Meet Nikon's lowest-priced digital SLR. Is this step-up camera ideal for first-time DSLR users? How does it compare to the step-up-and-then-some D5000? We take it into the field and interperet DxOMark image quality lab tests.
• 10.2MP CMOS sensor
• Simple “Guide” feature walks snapshooters through key settings
• Manual metered exposure available for more advanced photographers
• Pop-up flash
• Hot shoe for external flash, Nikon Creative Lighting System advanced wireless lighting
• Compatible with Nikon G AF lenses, other Nikon F-mount lenses with limited features
• 3-inch LCD monitor with 230k dots
• RAW & JPEG images
• Six “scene” modes
• ISO range 100-1600
What it lacks:
• Live View
• Flash PC terminal
Who it's for:
• Snapshooters stepping up from compact camera
• Advanced shooters who want an additional, light, inexpensive body
• Vacation, family, travel photographers
Price (as of 1/18/10): $499.95 with 18-55mm f/3.5-5.6G ED AF-S DX VR lens (sold only as a kit)

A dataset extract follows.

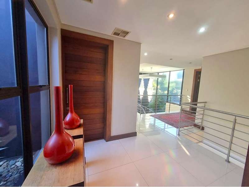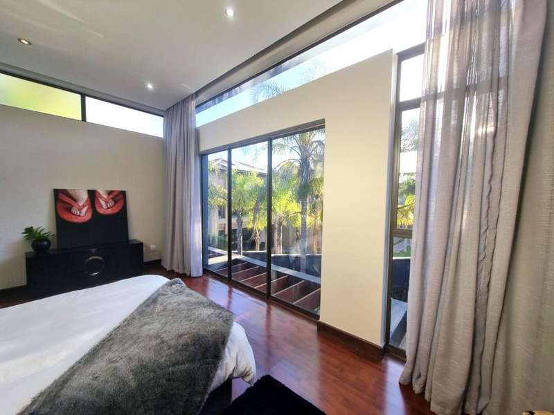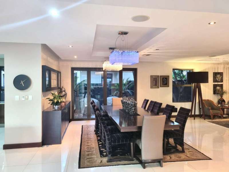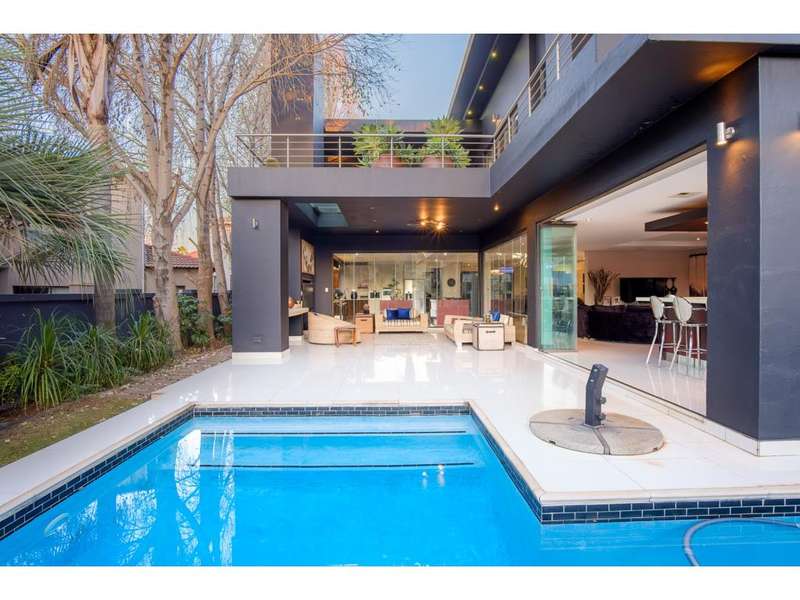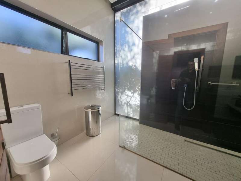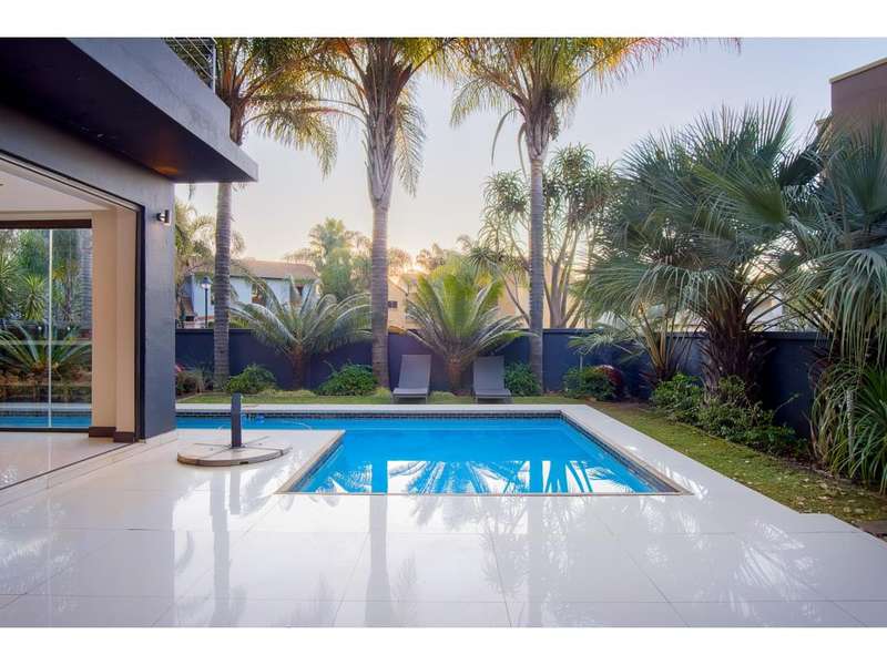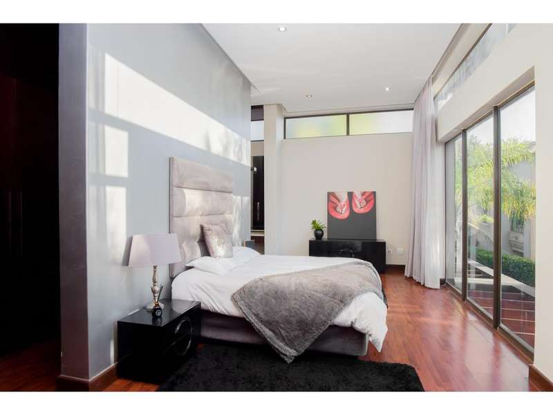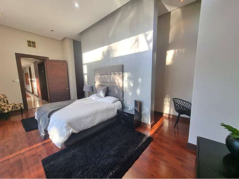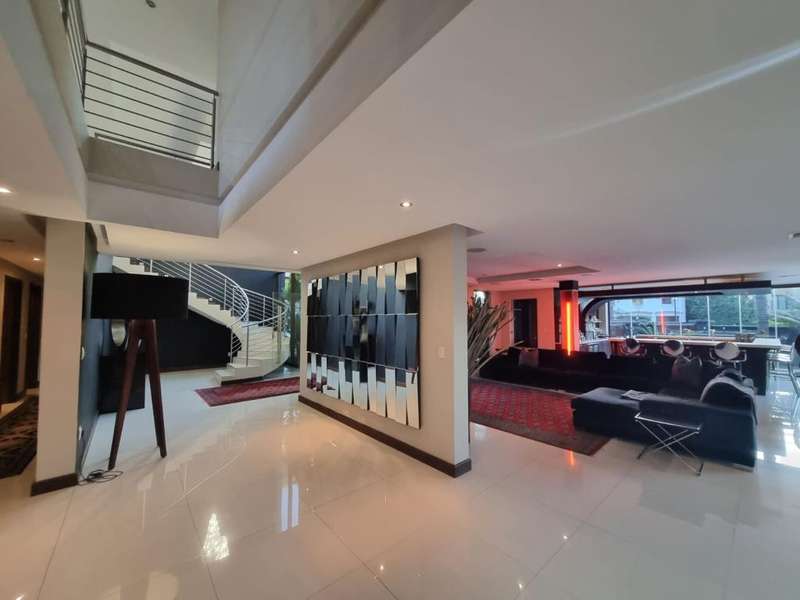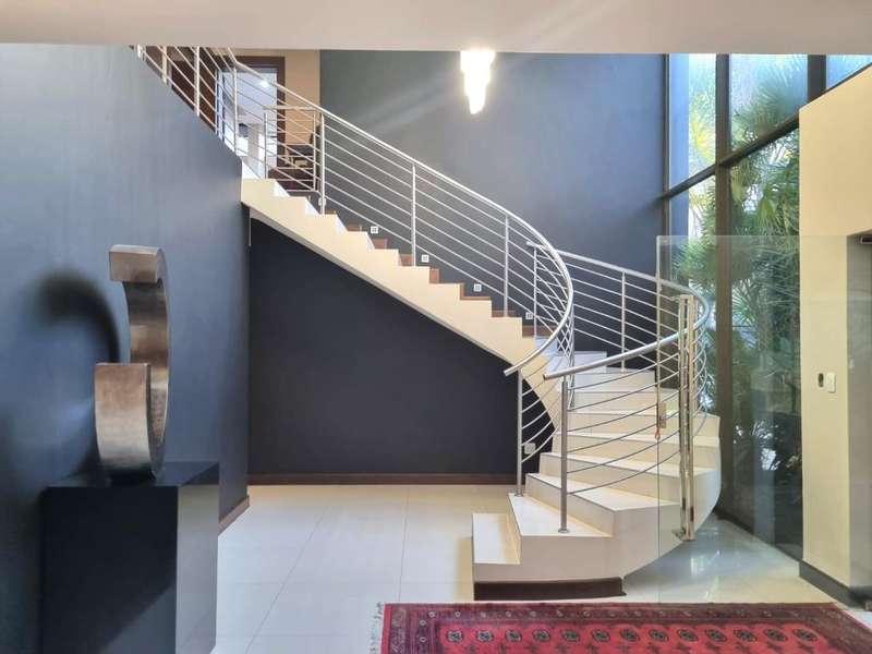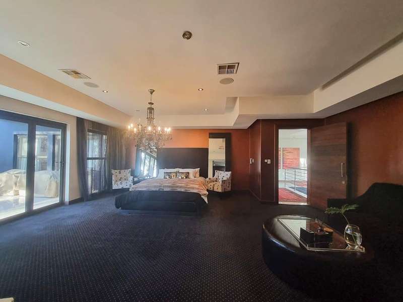 Located in a quiet cul-de-sac in Midstream Estate Proper, this modern, immaculate, luxury family home offers the exeptional: The double volume entrance features two beautul chandeliers, and a sweeping staircase to the living quarters upstairs. Downstairs you will find the ultimate in entertainment areas: * this open plan area (279m2) consists of * a generous formal lounge area, * a 14 seater dining area with fireplace. * a stunning hi-end kitchen, * enormous TV lounge area and * 12 seater bar area with 2 built-in kegs. This entire frontage of living area is closed in with glass fold-away glass doors. Opening these glass sliders extends the entire living area onto the exspansive patio, the swimmingpool and garden. * Next to the bar is a temprature controlled walk-in wine celler. * The gourmet kitchen includes: ~ 2 x freestanding Elba stainless steel stoves with Gas burners, electric ovens and warming drawers. One of the stoves include a fish-burner. ~ Two state of the art AEG extractors above the stoves. ~1 x Conventional eyelevel oven with warmer. ~1 x Coffee grinder and coffee machine. ~ Beautiful white granite tops, complimented by light high gloss cabentry. Ample storage. ~ Two extra large waterfall red quartz islands, adds work space, storage and seating for 6. ~ A sparate scullary and laundry with space for all your electronic equiptment. ~ Walk-in pantry, ~ Veggie prep basin close to stoves. * There is a study on the ground floor, * as well as a guest W/C * Direct access from the house to the 4 car garage. * a Seperate laundry. * servants quarters or flatlet with private entrance. * A garage accommodating 4 vehicles side-by-side. Upstairs is: * 4/5 x large bedrooms. (Main bed = 78m2) * 4 x bathrooms (3 is ensuite). All the bathrooms are full bathrooms with walk-in showers, towel warmers, underfloor heating and heating/cooling air controll, double vanities and spa- baths in some, and multiple shower heads in the main bathroom shower. ~ Walk-in/walk-through cupboards in all the rooms. ~ wooden flooring in 3 bedrooms and main bedroom has carpeting. ~ Main bedroom features aluminium framed glass sliders, openening onto a private patio. * A dedicated soundproof home theater/cinema room. Even the roof in this area has been soundproofed. Can also serve as an additional bedroom.

If you are a point-and-shoot camera owner thinking about stepping up to a digital SLR to take advantage of the better image quality produced by the larger APS sensor and the flexibility of using interchangeable lenses, the D3000 is the first Camera Nikon wants you to look at. And for good reason.
The D3000 is designed with the beginner in mind—although there's plenty of room to grow as you become comfortable using manual controls for greater creativity. The D3000 lacks certain features that you can find on its more advanced sibling, the D5000. For instance, it doesn't have Live View, which would let you see the image in the LCD viewfinder, any kind of video recording capability, or a flip-out LCD. And it has a 10MP sensor, instead of the D5000's 12MP sensor.
But lacking these features is not necessarily a bad thing. In fact, if your goal is simply to take great still pictures either in auto-everything or by taking full manual control of the camera, the D3000 may be just enough camera. Let's take a closer look.
Back of camera control layout is typical for a starter DSLR. Menu navigation is controlled via four-way switch surrounding “OK” button on right side. Buttons going down left control image preview, access menu, on-board camera guide that explains current settings and gives shooting suggestions, calls up top-level settings for quick adjustements, and enlarges or reduces image size in preview mode.
In the hands
The D3000 is ever-so-slightly smaller than the D5000, with much of the latter's bulk taken up by its flip-out LCD. The D3000 is comfortable to hold, even though the well-contoured grip is textured hard plastic and not rubberized like some other camera grips. The layout is basic and logical, with all controls placed within easy reach. For beginners, many of these controls may be strange and require some getting used to , but some quality time with the concisely written manual will help you get started.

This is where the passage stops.